Good News from the FCC on Robocalls
Despite millions of dollars and years of lobbying for changes in the FCC regulations, big business looks like they might actually lose a battle in Washington DC. Tom Wheeler, chair of the Federal Communications Commission and — get this — former chief lobbyist for the cable industry, announced that he would propose a sweeping set of rules and interpretations for the Telephone Consumer Protection Act.
Wheeler calls his proposal "Another Win for Consumers" and has a blog post with some of the details.

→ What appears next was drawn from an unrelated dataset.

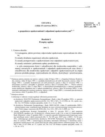 ©Kancelaria Sejmu s. 1/50 USTAWA z dnia 13 czerwca 2013 r. Opr acowano na podstawie: Dz. U. z 2013 r . poz. 888. o gospodarce opakowaniami i odpadami opakowaniowymi 1), 2) Rozdział 1 Przepisy ogólne Art. 1. 1. Ustawa określa: 1) wymagania, jakim powinny odpowiadać opakowania wprowadzane do obrotu, 2) zasady działania organizacji odzysku opakowań, 3) zasady postępowania z opakowaniami oraz odpadami opakowaniowymi, 4) zasady ustalania i pobierania opłaty produktowej – w celu zmniejszenia ilości i szkodliwości dla środowiska materiałów i substancji zawartych w opakowaniach i odpadach opakowaniowych oraz ilości i szkodliwości dla środowiska opakowań i odpadów opakowaniowych na etapie procesu produkcyjnego, wprowadzania do obrotu, dystrybucji i przetwarzania, Niniejszą ustawą zmienia się ustawy: ustawę z dnia 20 lipca 1991 r. o Inspekcji Ochrony Środowiska, ustawę z dnia 26 lipca 1991 r. o podatku dochodowym od osób fizycznych, ustawę z dnia 15 lutego 1992 r. o podatku dochodowym od osób prawnych, ustawę z dnia 13 września 1996 r. o utrzymaniu czystości i porządku w gminach, ustawę z dnia 27 kwietnia 2001 r. – Prawo ochrony środowiska, ustawę z dnia 11 maja 2001 r. o obowiązkach przedsiębiorców w zakresie gospodarowania niektórymi odpadami oraz o opłacie produktowej, ustawę z dnia 20 kwietnia 2004 r. o substancjach zubożających warstwę ozonową, ustawę z dnia 7 maja 2009 r. o towarach paczkowanych oraz ustawę z dnia 14 grudnia 2012 r. o odpadach. 2) Niniejsza ustawa: 1) dokonuje w zakresie swojej regulacji wdrożenia postanowień: a) dyrektywy 94/62/WE Parlamentu Europejskiego i Rady z dnia 20 grudnia 1994 r. w sprawie opakowań i odpadów opakowaniowych (Dz. Urz. WE L 365 z 31.12.1994, str. 10, z późn. zm.; Dz. Urz. UE Polskie wydanie specjalne, rozdz. 13, t. 13, str. 349), b) dyrektywy Parlamentu Europejskiego i Rady 2009/128/WE z dnia 21 października 2009 r. ustanawiającej ramy wspólnotowego działania na rzecz zrównoważonego stosowania pestycydów (Tekst mający znaczenie dla EOG) (Dz. Urz. UE L 309 z 24.11.2009, str. 71); 2) została notyfikowana Komisji Europejskiej w dniu 21 stycznia 2012 r. pod numerem 2012/0590/PL zgodnie z art. 16 dyrektywy, o której mowa w pkt 1 lit. a, oraz § 4 rozporządzenia Rady Ministrów z dnia 23 grudnia 2002 r. w sprawie sposobu funkcjonowania krajowego systemu notyfikacji norm i aktów prawnych (Dz. U. Nr 239, poz. 2039 oraz z 2004 r. Nr 65, poz. 597), wdrażającego postanowienia dyrektywy 98/34/WE Parlamentu Europejskiego i Rady z dnia 22 czerwca 1998 r. ustanawiającej procedurę udzielania informacji w dziedzinie norm i przepisów technicznych oraz zasad dotyczących usług społeczeństwa informacyjnego (Dz. Urz. WE L 204 z 21.07.1998, str. 37, z późn. zm.; Dz. Urz. UE Polskie wydanie specjalne, rozdz. 13, t. 20, str. 337). 1) 2013-08-20 ©Kancelaria Sejmu w szczególności przez wytwarzanie czystych produktów i stosowanie czystych technologii. 2. Ustawa określa prawa i obowiązki przedsiębiorców: 1) będących organizacjami odzysku opakowań; 2) dokonujących wewnątrzwspólnotowej dostawy: a) odpadów opakowaniowych, b) produktów w opakowaniach; 3) dystrybuujących produkty w opakowaniach; 4) eksportujących: a) odpady opakowaniowe, b) opakowania, c) produkty w opakowaniach; 5) prowadzących recykling lub inny niż recykling proces odzysku odpadów opakowaniowych; 6) wprowadzających opakowania; 7) wprowadzających produkty w opakowaniach. 3. Ustawa określa także obowiązki użytkowników środków niebezpiecznych będących środkami ochrony roślin. Art. 2. 1. W sprawach dotyczących gospodarki odpadami opakowaniowymi w zakresie nieuregulowanym w ustawie stosuje się przepisy ustawy z dnia 14 grudnia 2012 r. o odpadach (Dz. U. z 2013 r. poz. 21). 2. Przepisy ustawy nie naruszają przepisów określających wymagania dotyczące opakowań w zakresie warunków sanitarnych, bezpieczeństwa, ochrony zdrowia oraz wymogów transportowych dotyczących wyrobów pakowanych. Art. 3. 1. Opakowaniem w rozumieniu ustawy jest wyrób, w tym wyrób bezzwrotny, wykonany z jakiegokolwiek materiału, przeznaczony do przechowywania, ochrony, przewozu, dostarczania lub prezentacji produktów, od surowców do towarów przetworzonych. 2. Za opakowanie uważa się: 1) wyrób spełniający funkcje opakowania, o których mowa w ust. 1, bez uszczerbku dla innych funkcji, jakie opakowanie może spełniać, z wyłączeniem wyrobu, którego wszystkie elementy są przeznaczone do wspólnego użycia, spożycia lub usunięcia, stanowiącego integralną część produktu oraz niezbędnego do przechowywania, utrzymywania lub zabezpieczania produktu w całym cyklu i okresie jego funkcjonowania; 2) wyrób spełniający funkcje opakowania, o których mowa w ust. 1: a) wytworzony i przeznaczony do wypełniania w punkcie sprzedaży, b) jednorazowego użytku – sprzedany, wypełniony, wytworzony lub przeznaczony do wypełniania w punkcie sprzedaży; 3) część składową opakowania oraz złączony z opakowaniem element pomocniczy, spełniające funkcje opakowania, o których mowa w ust. 1, z tym że element pomocniczy przyczepiony bezpośrednio lub przymocowany do produktu uważa się za opakowanie, z wyłączeniem elementu stanowiącego 2013-08-20 s. 2/50 ©Kancelaria Sejmu integralną część produktu, który jest przeznaczony do wspólnego użycia lub usunięcia. 3. Minister właściwy do spraw środowiska określi, w drodze rozporządzenia, przykładowy wykaz wyrobów, w tym części składowych opakowań oraz złączonych z wyrobem elementów pomocniczych, które uznaje się albo nie uznaje się za opakowanie, kierując się potrzebą zapewnienia jednolitego uznawania wyrobów za opakowanie. Art. 4. Wyróżnia się następujące kategorie opakowań: 1) opakowania jednostkowe – służące do przekazywania produktu użytkownikowi w miejscu zakupu; 2) opakowania zbiorcze – zawierające wielokrotność opakowań j

Here's how he describes the years of lobbying (via petitions for rule making) by the Chamber of Commerce and its ilk: "The Commission has received numerous petitions from companies – including bankers, debt collectors, app developers, retail stores, and others – seeking clarity on our consumer rules." Clarity. Right. Stated differently, they want to totally reverse the entire law and twenty years of FCC regulations protecting consumers.
But wait! The Chairman is actually on our side. He follows immediately with this sentence, "I intend to use these petitions as an opportunity to empower consumers and curtail these intrusive communications."
Here's the details from the FCC fact sheet. The proposal will be voted on at the FCC's Open Meeting on June 18, 2015. I doubt he'd be so public about a proposal if he didn't think he had the votes from his colleagues.
The defense bar is throwing a tantrum, as this guest post on Forbes shows. Don't know why they're complaining, really. It's TCPA class actions that have revived the billings of these big firms' litigation departments after years of declines.